|Extrinsic sensor calibration is the estimation of the relative transformation between different sensors. This is a key step for sensor fusion.|
Mobile robots tend to accomodate numerous sensors. These sensors can be of different nature (e.g. cameras, RGB-D devices, laser rangefinders, etc.) and, individually, serve a wide range of different purposes.
The combination of the information resulting from separate sensors, also known as sensor fusion, boost the synergy of the sensory system and may improve input information or even enable new uses not possible with original data.
Since each sensor has its own coordinate system wrt which received data is described, a key step for sensor fusion is to perform an accurate and trustworthy extrinsic calibration between sensors, preferrably accompanied by an analysis of its uncertainty.
Camera - LRF calibration based on scene corners
Cameras and 2D laser-rangefinders (LRFs) are devices commonly used on robots and complement well to each other: Cameras provide projective data only, whereas 2D LRFs provide range measurements. The combination of these two sensors give raise to potential applications, such as
- pointcloud coloring
- extraction of semantic data
- improvement of visual odometry algorithms
Calibration based on the observation of scene corners
The observation of an orthogonal trihedron, which can be profusely found as corners in human-made scenes, provides enough data to solve the calibration task without the need of any other specific calibration patern:
- From the observation of the trihedron, both line-to-plane and point-to-plane constraints can be imposed on the calibration parameters. The nature of constraints allows us to decouple rotation computation from that of translation.
- The treatment of extracted features and the computation of the necessary geometric data is suitable for automation.
- All captured data can be input in a Maximum Likelihood Estimation (MLE) optimization process, properly weighted accordingly to the data certainty
Extrinsic calibration of a set of 2D LRFs
The integration of several 2D laser rangefinders in a vehicle is a common resource employed for 3D mapping, obstacle detection and navigation. In this work we present a novel solution for the extrinsic calibration of a set of at least three laser scanners from the information provided by the sensor measurements. This method only requires the lasers to observe a common planar surface from different orientations, thus there is no need of any specific calibration pattern. This calibration technique can be used with almost any geometric sensor configuration (except for sensors scanning parallel planes), and constitutes a versatile solution that is accurate, fast and easy to apply.

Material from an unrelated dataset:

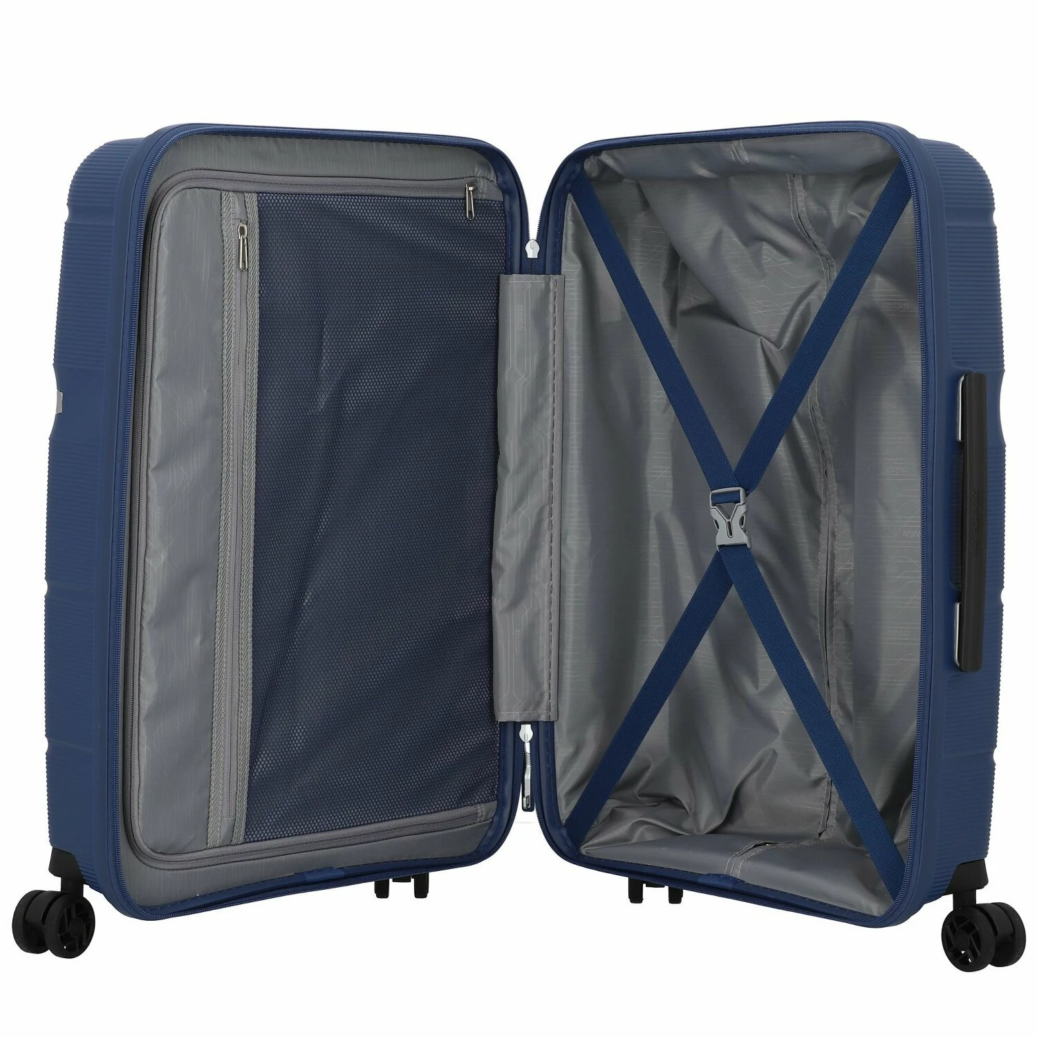 Modischer Trolley von American Tourister aus robustem Polypropylen mit Teleskopgriff, vier stabilen Doppelrollen und einem großem Hemdenfach. Der zuverlässige Begleiter für die nächste Reise.

Extrinsic calibration of a set of range cameras
The integration of several range cameras in a mobile platform is useful for applications in mobile robotics and autonomous vehicles that require a large field of view.The method that we present serves to calibrate two or more range cameras in an arbitrary configuration, requiring only to observe one plane from different viewpoints. The conditions to solve the problem are studied, and several practical examples are presented covering different geometric configurations, including an omnidirectional RGBD sensor composed of 8 range cameras. The quality of this calibration is evaluated with several experiments that demonstrate an improvement of accuracy over design parameters, while providing a versatile solution that is extremely fast and easy to apply.